To: stockman_scott who wrote (73413)5/2/2010 11:42:12 PM
From: tejek  Read Replies (1) | Respond to of 149317
 
Big Wind Farm Off Cape Cod Gets Approval

By KATHARINE Q. SEELYE
Published: April 28, 2010

BOSTON — After nine years of regulatory review, the federal government gave the green light on Wednesday to the nation’s first offshore wind farm, a fiercely contested project off the coast of Cape Cod.

Opponents said they would continue to fight construction of the farm, known as Cape Wind, which would sprawl across 25 square miles of Nantucket Sound.

But the decision is expected to give a significant boost to the nascent offshore wind industry in the United States, which has lagged far behind Europe and China in harnessing the strong and steady power of ocean breezes to electrify homes and businesses.

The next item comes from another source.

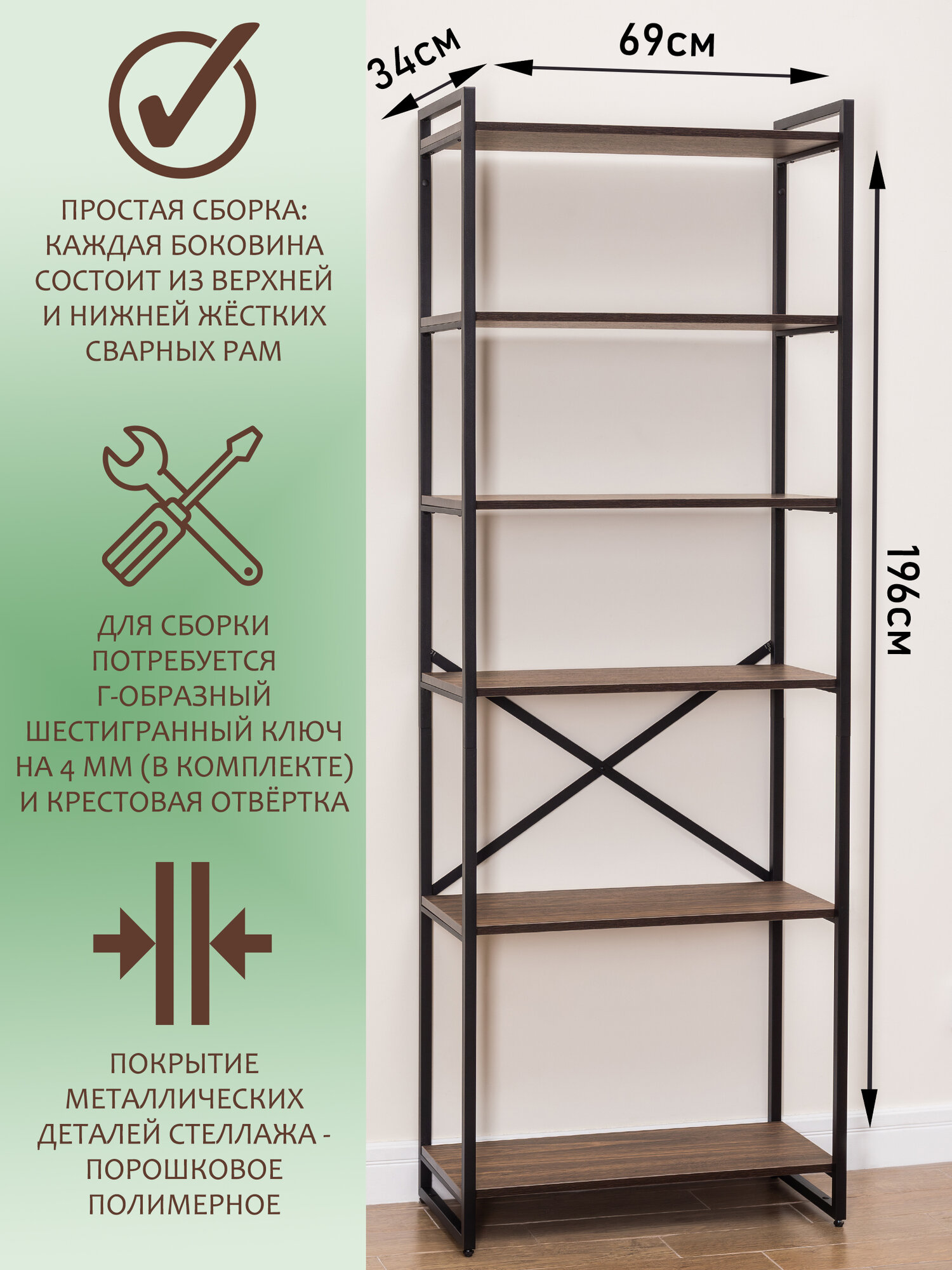 Купить Стеллаж лофт чёрный с деревянными полками, 196x69x34 см, 6 полок (цвет полок — Коричневый). Стильный дизайнерский стеллаж для дома, офиса, гардероба, кладовки. с доставкой по всей России. Стеллаж лофт чёрный с деревянными полками, 196x69x34 см, 6 полок (цвет полок — Коричневый). Стильный дизайнерский стеллаж для дома, офиса, гардероба, кладовки.: сравнение цен, характеристики, фото, актуальное наличие и цены.

“This will be the first of many projects up and down the Atlantic Coast,” Interior Secretary Ken Salazar said at a news conference here in the Massachusetts Statehouse with Gov. Deval Patrick, a Democrat and supporter of the venture, at his side.

In announcing the much-anticipated decision, Mr. Salazar hastened to add that he was requiring the developer, Cape Wind Associates, to take several steps to mitigate possibly adverse effects on the environment — including views from the Kennedy Compound National Historic Landmark, which overlooks Nantucket Sound. Those steps include adjusting the turbines’ color and configuration.


Opposition to the proposal from Senator Edward M. Kennedy, who died in August, had been a major thorn in the Obama administration’s side in advancing the project.

The Cape Wind farm would lie about 5.2 miles from the nearest shore, on the mainland, and about 13.8 miles from Nantucket Island. The tip of the highest blade of each turbine would reach 440 feet above the water.

The long-running struggle over the project underscores how divisive even a “clean” energy project can be in the United States.

Friends and foes have squared off over the impact it would have on nature, local traditions, property values and electricity bills; on the profits to be pocketed by a private developer; and even the urgency of easing the nation’s dependence on fossil fuels, a priority of the Obama administration.

Opponents argued that Cape Wind would create an industrial eyesore in a pristine area; supporters countered that it was worth sacrificing aesthetics for the longer-term goal of producing clean, renewable energy.

Developers say that Cape Wind will provide 75 percent of the power for Cape Cod, Nantucket and Martha’s Vineyard — the equivalent of that produced by a medium-size coal-fired plant. It would also reduce carbon dioxide emissions by the equivalent of taking 175,000 cars off the road, officials said, and provide 1,000 construction jobs.

The project has also made for some strange bedfellows. Cape Wind is backed by both Greenpeace and the United States Chamber of Commerce.


It has been opposed perhaps most prominently by members of the Kennedy family. Senator Kennedy was a longtime sailor on Nantucket Sound and fought the project up until he died.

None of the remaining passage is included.